:: Data ::
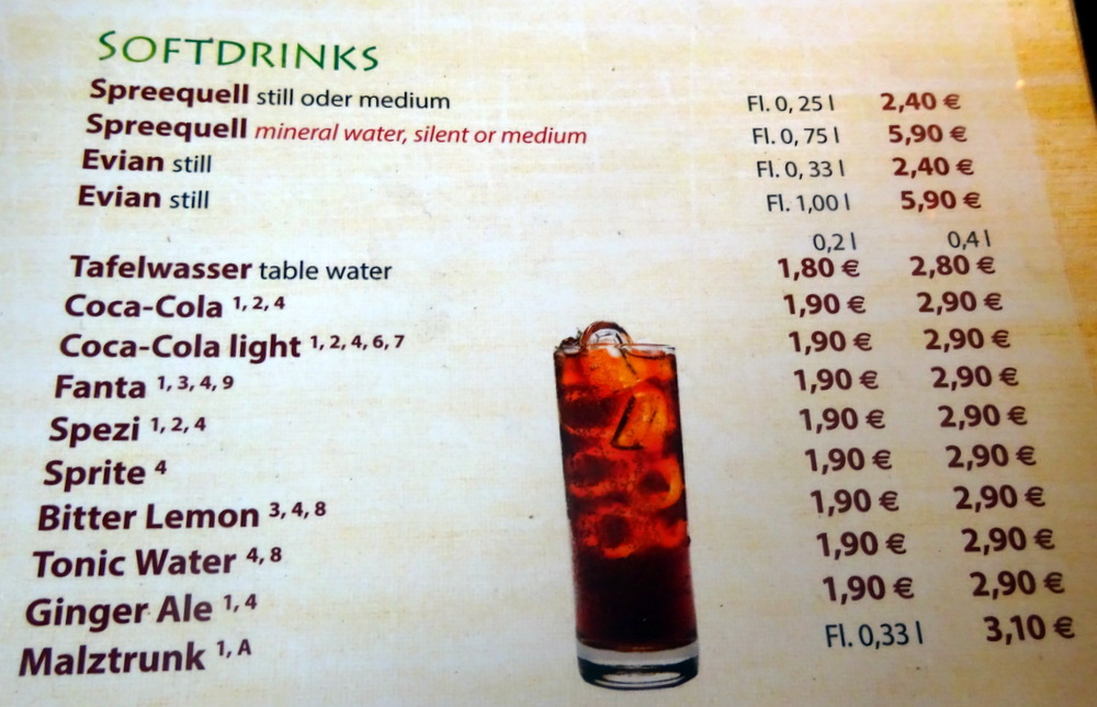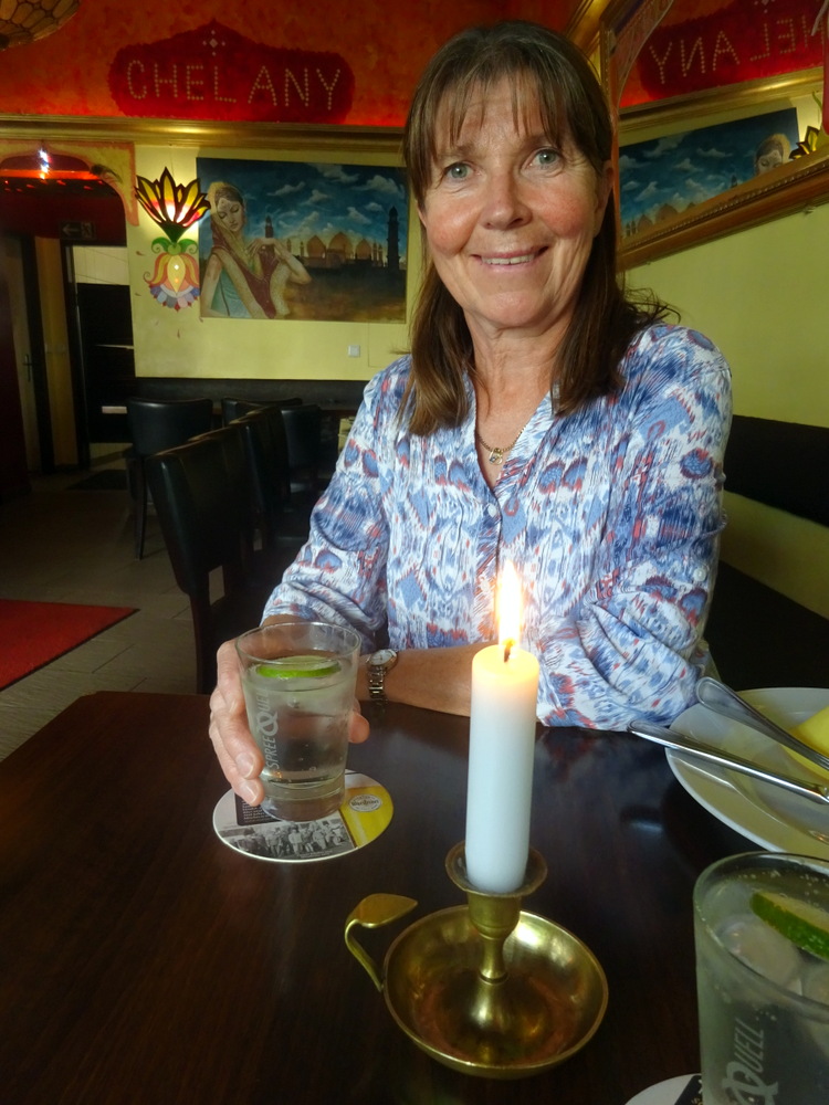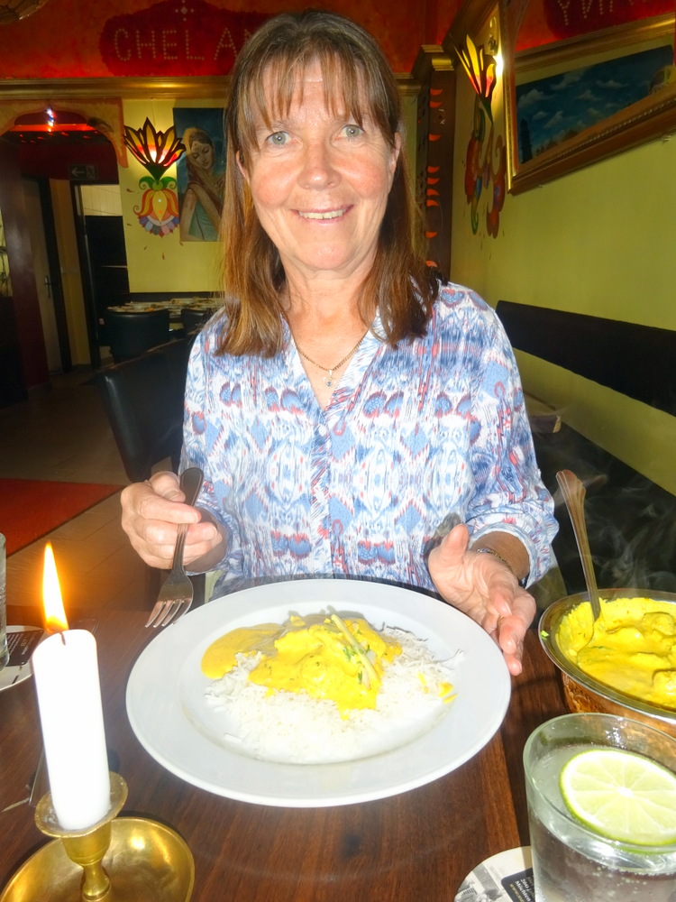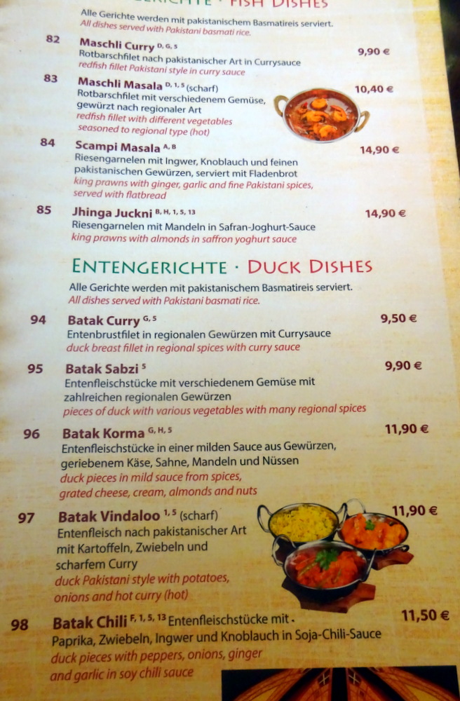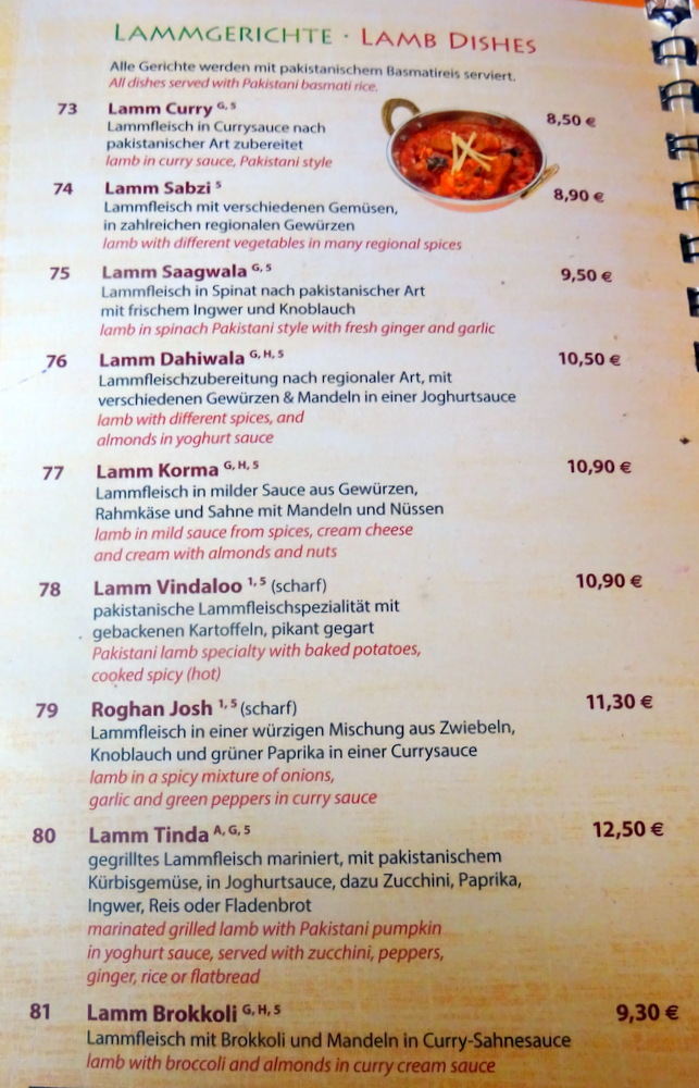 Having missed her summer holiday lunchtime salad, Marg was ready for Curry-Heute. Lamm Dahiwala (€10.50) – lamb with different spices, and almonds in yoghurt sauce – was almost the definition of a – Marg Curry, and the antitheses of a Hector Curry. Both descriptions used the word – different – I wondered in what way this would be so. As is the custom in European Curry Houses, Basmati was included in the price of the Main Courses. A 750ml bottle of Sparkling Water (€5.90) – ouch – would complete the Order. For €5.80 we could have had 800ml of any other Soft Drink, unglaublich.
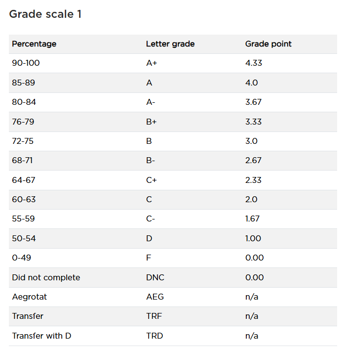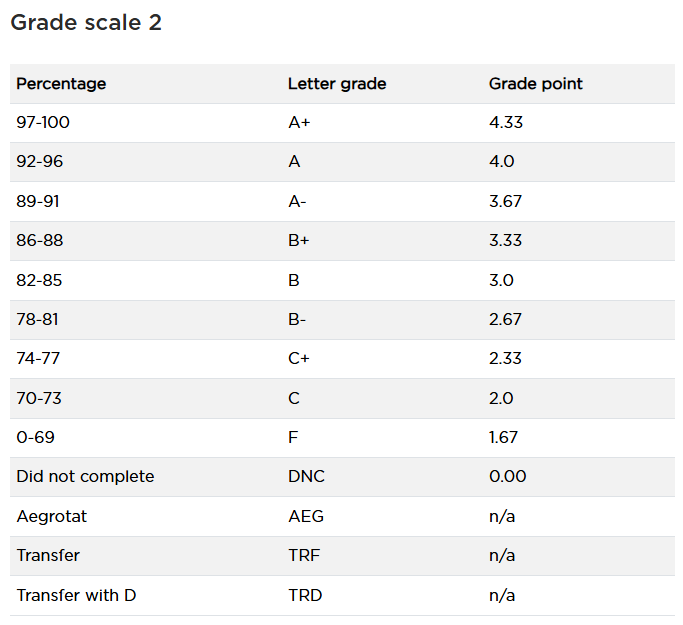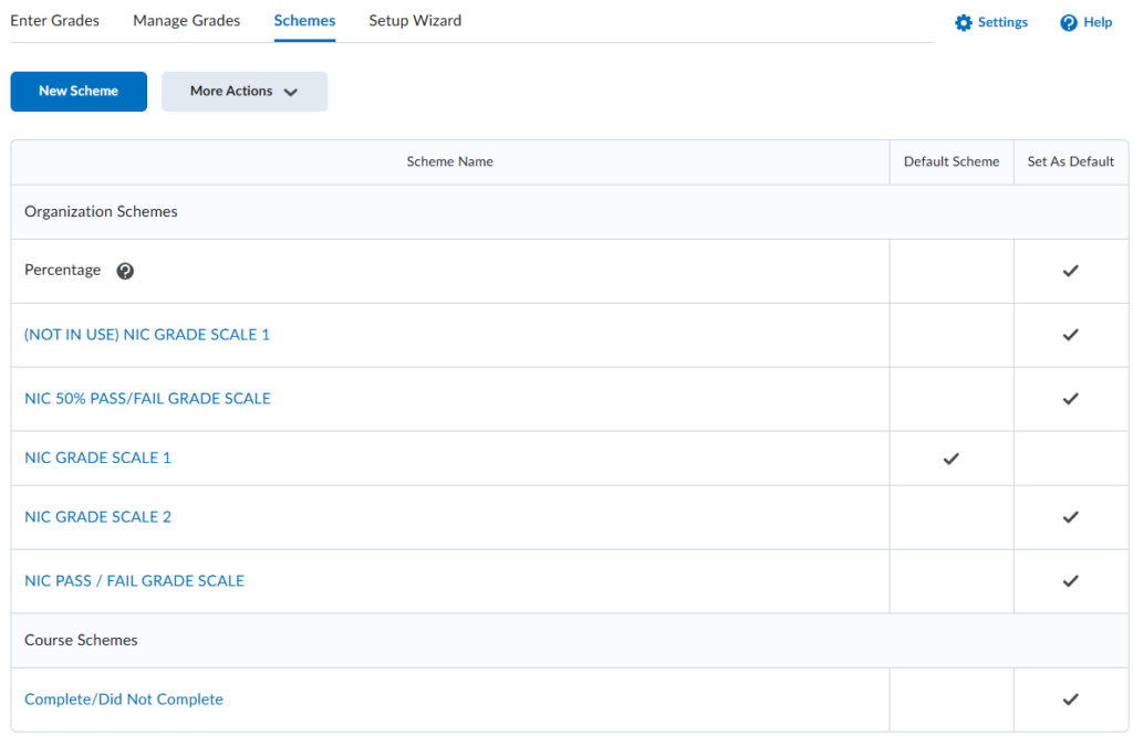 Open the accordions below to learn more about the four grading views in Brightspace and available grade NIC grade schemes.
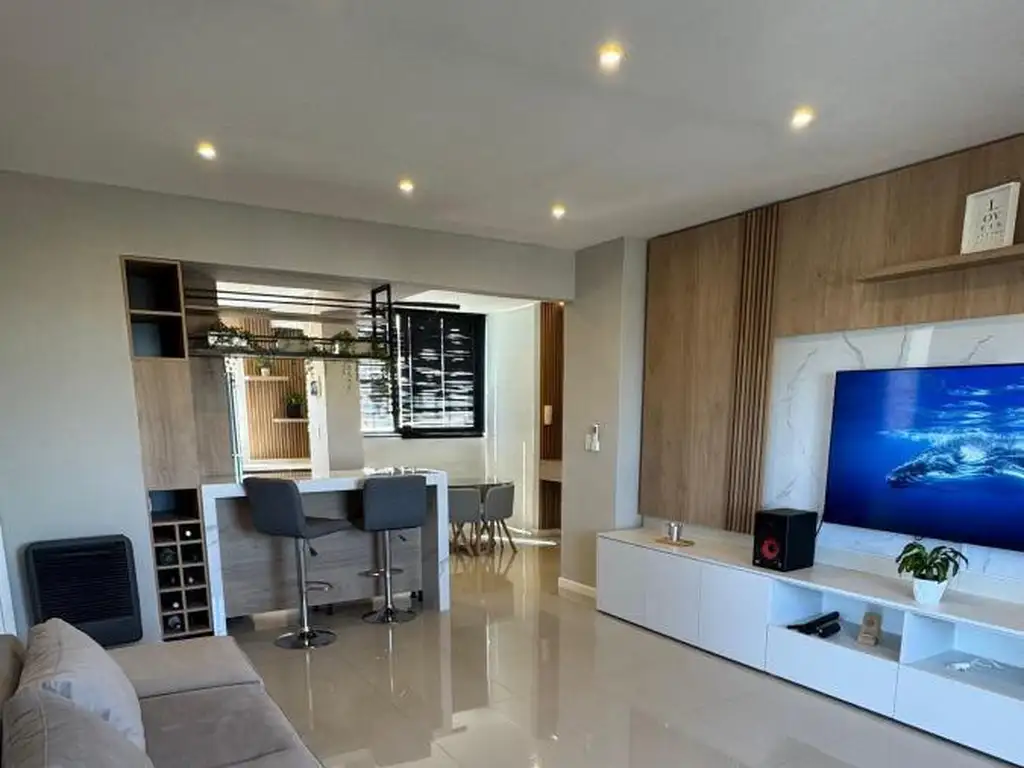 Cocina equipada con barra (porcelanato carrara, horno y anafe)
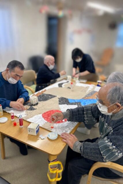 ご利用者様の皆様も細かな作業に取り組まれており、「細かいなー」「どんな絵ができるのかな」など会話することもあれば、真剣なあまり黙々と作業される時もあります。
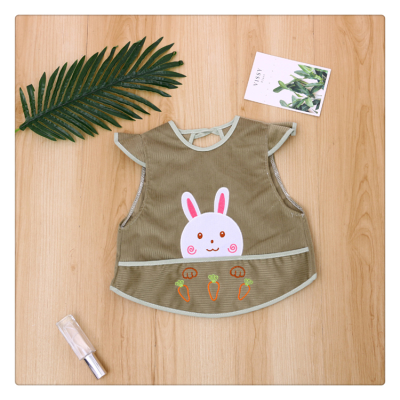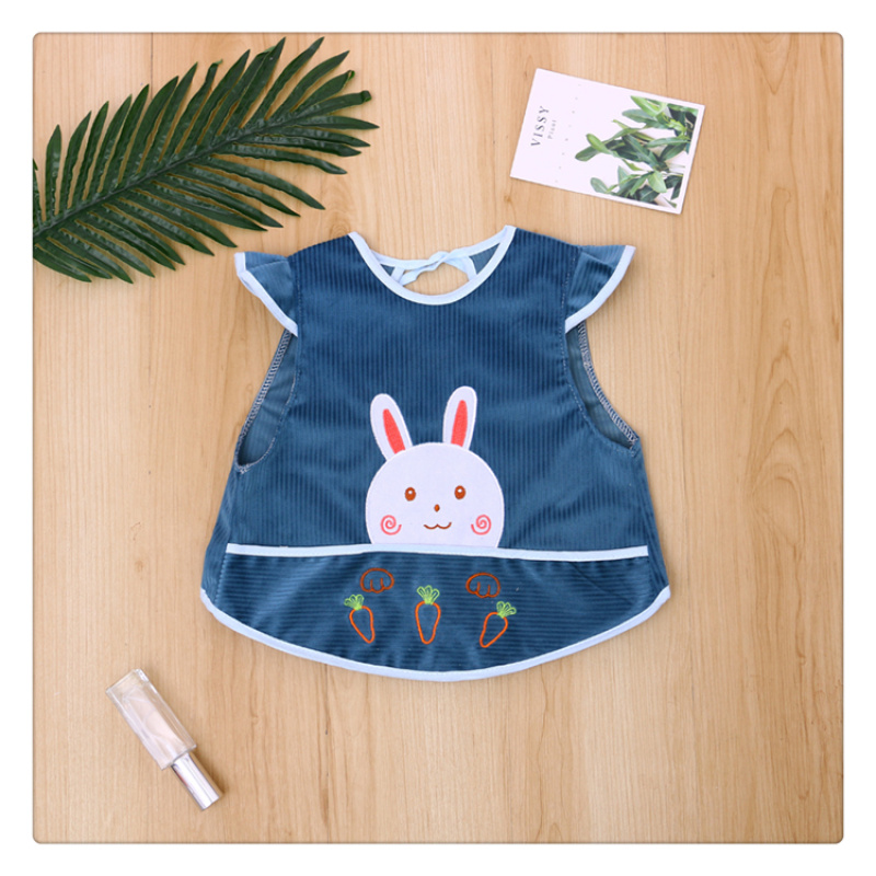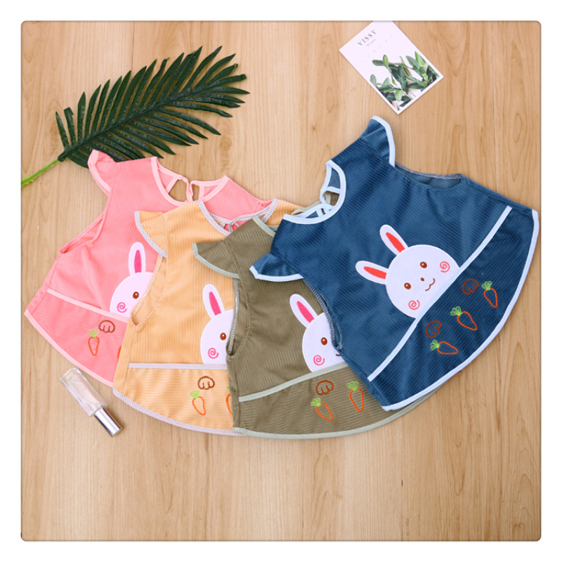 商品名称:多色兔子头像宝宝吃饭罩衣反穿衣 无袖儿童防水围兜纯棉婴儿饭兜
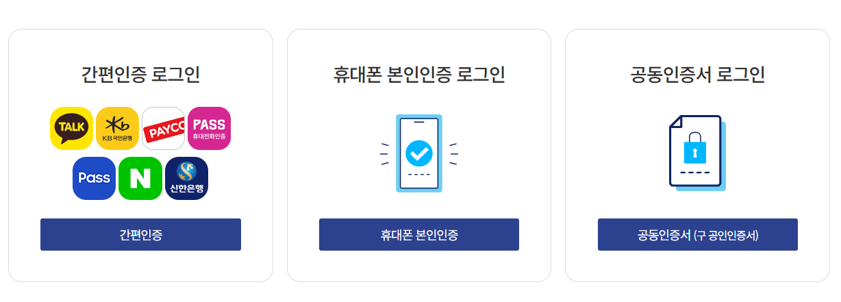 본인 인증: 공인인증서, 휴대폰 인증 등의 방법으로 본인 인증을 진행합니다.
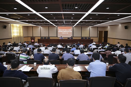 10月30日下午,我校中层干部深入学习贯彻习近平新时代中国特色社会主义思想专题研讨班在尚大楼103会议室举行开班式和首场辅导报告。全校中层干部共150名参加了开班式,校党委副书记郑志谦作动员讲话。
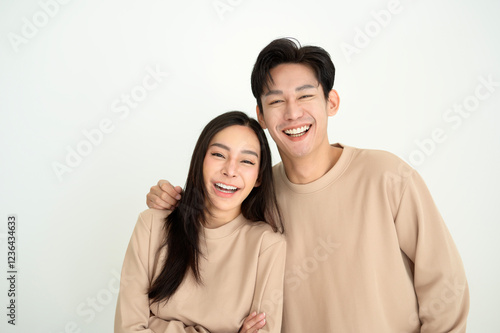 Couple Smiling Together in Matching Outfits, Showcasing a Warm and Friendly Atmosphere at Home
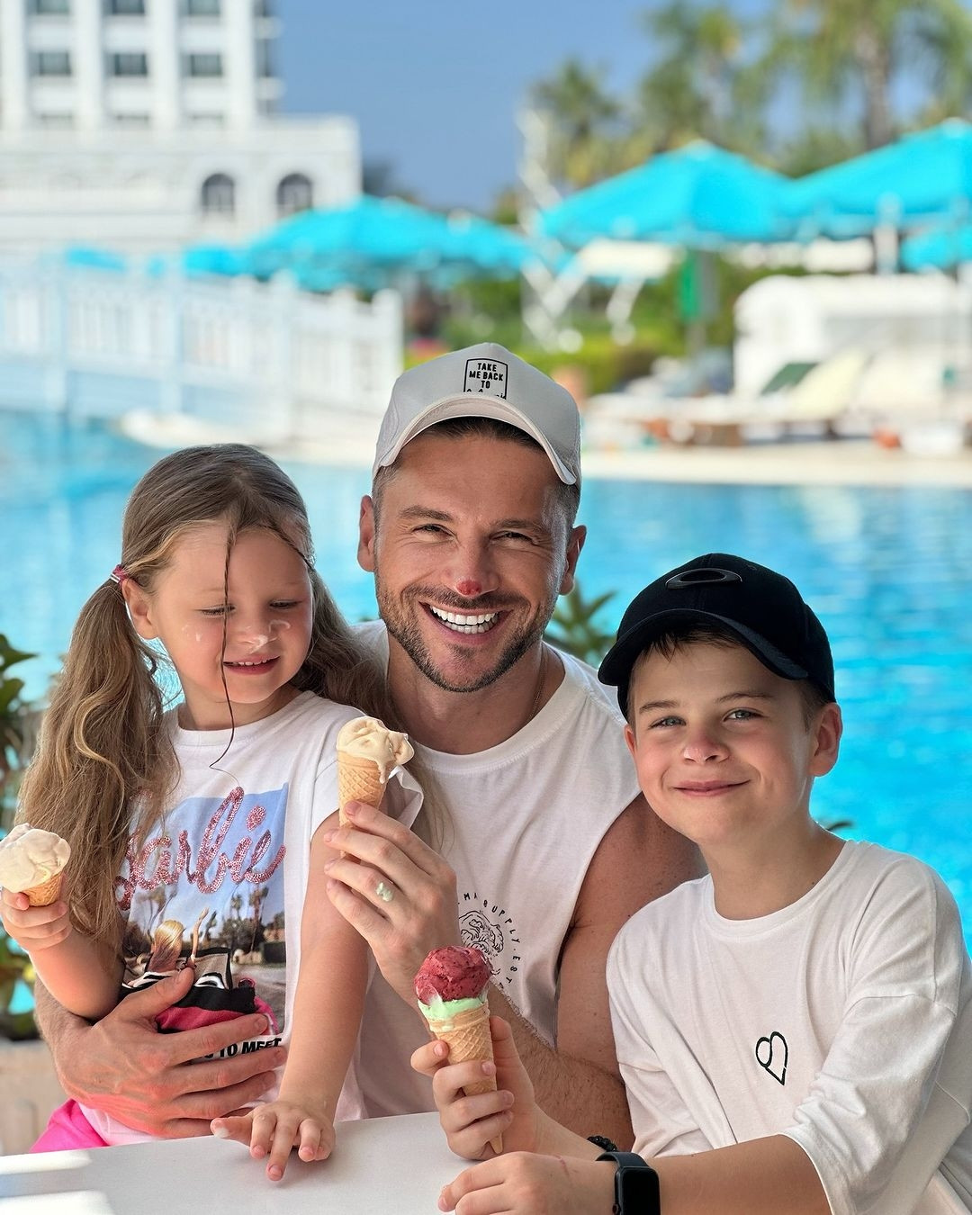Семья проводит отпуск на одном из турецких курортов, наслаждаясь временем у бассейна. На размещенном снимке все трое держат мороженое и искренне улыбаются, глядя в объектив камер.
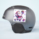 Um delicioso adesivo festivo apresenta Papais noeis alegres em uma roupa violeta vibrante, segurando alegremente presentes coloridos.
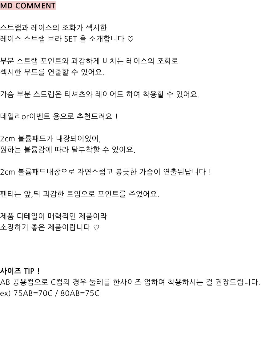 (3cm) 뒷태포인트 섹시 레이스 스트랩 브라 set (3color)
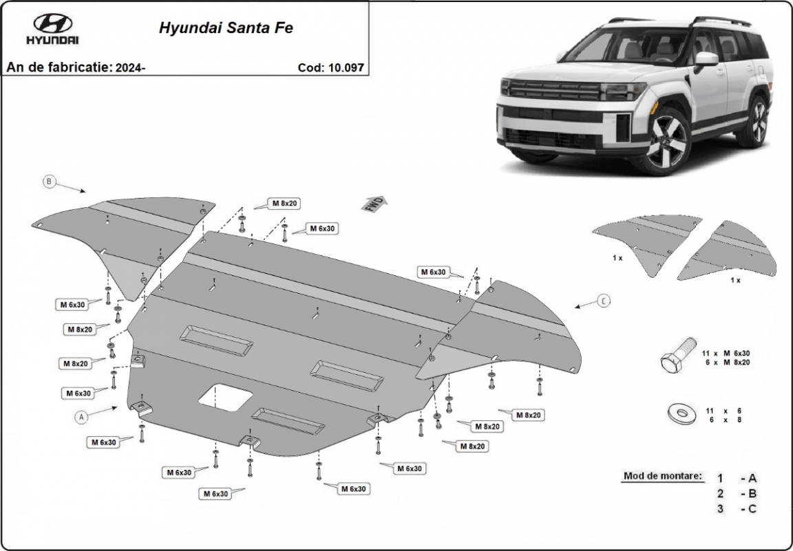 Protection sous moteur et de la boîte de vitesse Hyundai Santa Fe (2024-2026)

:: Exercise ::
The answer must be an exact copy of the lines from the one containing "Open the accordions" through the last line of the records, with no pictures included.

:: Response area ::
 Open the accordions below to learn more about the four grading views in Brightspace and available grade NIC grade schemes.
 Cocina equipada con barra (porcelanato carrara, horno y anafe)
 ご利用者様の皆様も細かな作業に取り組まれており、「細かいなー」「どんな絵ができるのかな」など会話することもあれば、真剣なあまり黙々と作業される時もあります。
 商品名称:多色兔子头像宝宝吃饭罩衣反穿衣 无袖儿童防水围兜纯棉婴儿饭兜
 본인 인증: 공인인증서, 휴대폰 인증 등의 방법으로 본인 인증을 진행합니다.
 10月30日下午,我校中层干部深入学习贯彻习近平新时代中国特色社会主义思想专题研讨班在尚大楼103会议室举行开班式和首场辅导报告。全校中层干部共150名参加了开班式,校党委副书记郑志谦作动员讲话。
 Couple Smiling Together in Matching Outfits, Showcasing a Warm and Friendly Atmosphere at Home
Семья проводит отпуск на одном из турецких курортов, наслаждаясь временем у бассейна. На размещенном снимке все трое держат мороженое и искренне улыбаются, глядя в объектив камер.
 Um delicioso adesivo festivo apresenta Papais noeis alegres em uma roupa violeta vibrante, segurando alegremente presentes coloridos.
 (3cm) 뒷태포인트 섹시 레이스 스트랩 브라 set (3color)
 Protection sous moteur et de la boîte de vitesse Hyundai Santa Fe (2024-2026)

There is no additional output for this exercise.